The entries below contain a stretch that opens with the line containing "(集團(tuán)公司團(t" and closes with the line containing "5mm Navajo pearl"; set down that stretch exactly, both ends included, and nothing else.

#### [AVAILABLE RECORDS]
________________________

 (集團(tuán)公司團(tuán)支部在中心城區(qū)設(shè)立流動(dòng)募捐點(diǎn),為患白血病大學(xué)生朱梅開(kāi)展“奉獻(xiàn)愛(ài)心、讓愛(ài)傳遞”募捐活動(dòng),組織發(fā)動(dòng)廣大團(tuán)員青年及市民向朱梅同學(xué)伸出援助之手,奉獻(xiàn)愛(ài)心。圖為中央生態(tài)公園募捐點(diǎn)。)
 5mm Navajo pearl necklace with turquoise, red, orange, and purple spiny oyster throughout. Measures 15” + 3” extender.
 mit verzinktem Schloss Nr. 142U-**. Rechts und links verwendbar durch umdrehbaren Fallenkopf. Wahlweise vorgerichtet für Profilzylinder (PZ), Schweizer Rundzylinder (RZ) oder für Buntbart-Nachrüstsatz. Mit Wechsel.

________________________

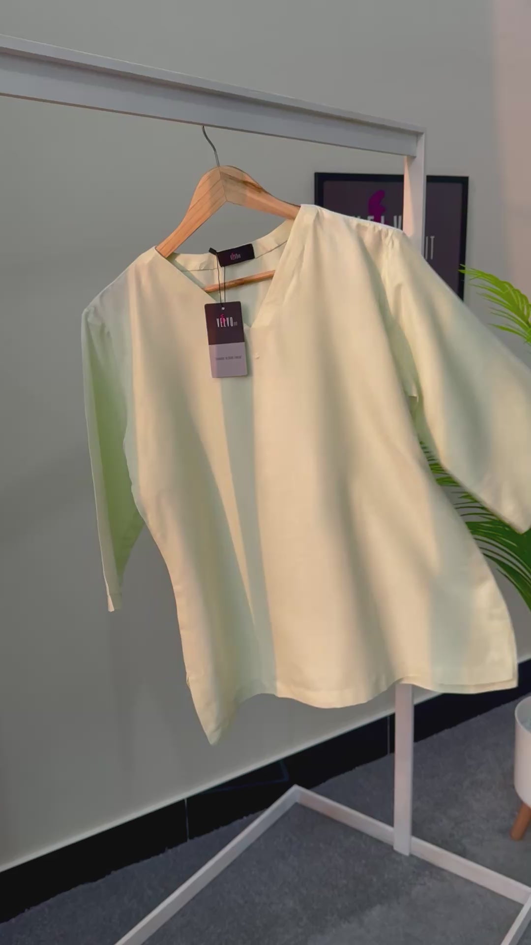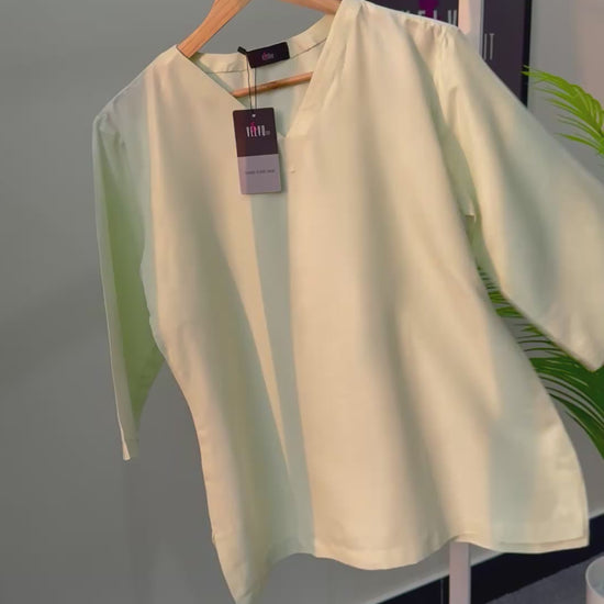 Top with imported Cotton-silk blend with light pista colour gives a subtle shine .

________________________

#### [RESPONSE AREA]
 (集團(tuán)公司團(tuán)支部在中心城區(qū)設(shè)立流動(dòng)募捐點(diǎn),為患白血病大學(xué)生朱梅開(kāi)展“奉獻(xiàn)愛(ài)心、讓愛(ài)傳遞”募捐活動(dòng),組織發(fā)動(dòng)廣大團(tuán)員青年及市民向朱梅同學(xué)伸出援助之手,奉獻(xiàn)愛(ài)心。圖為中央生態(tài)公園募捐點(diǎn)。)
 5mm Navajo pearl necklace with turquoise, red, orange, and purple spiny oyster throughout. Measures 15” + 3” extender.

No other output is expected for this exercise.